Is that really what we want on modern systems, though? It’s not too uncommon for a well-equipped Postgres server to wield 1TB of RAM, and do we want to dedicate 256GB to Postgres Shared Buffers? Is that even a good idea anymore? Was it ever?
To answer these questions (and others besides), we ran a battery of benchmarks on Postgres 14 by varying Shared Buffers from the default all the way to half of a server’s RAM.
Dave Page recently shared EDBs Ansible benchmark framework one of our internal teams is using for building a system to automatically tune Postgres. Part of that testing includes multiple executions on hardware of varying description with varying parameter values to tune and train all of the advisors and integrated AI layers.

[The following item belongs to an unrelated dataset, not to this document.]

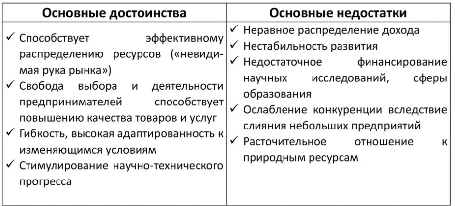 Как видно из таблицы 1, рыночная экономика имеет ряд преимуществ и недостатков в своей работе. Тем не менее, исторический опыт многих поколений доказывает, что этот тип экономической системы является наиболее эффективным и действенным. Внедрение рынка в мировую экономику позволило реализовать экономическую свободу для отдельных субъектов общества.

Invariably, this meant benchmarking a technology that is quickly approaching full deprecation in the age of falling SSD prices: hard disk drives. The venerable HDD has certainly played a crucial role in shaping several technologies, and Postgres is no exception. To that end, EDB has four servers available for exploring HDD performance. Each consists of an HP Proliant DL360 server equipped with dual Xeon E5-2630 v4 CPUs (40 threads), 64GB of RAM, and four 2.5-inch 7200 RPM HDDs at 2TB capacity, configured for RAID-10.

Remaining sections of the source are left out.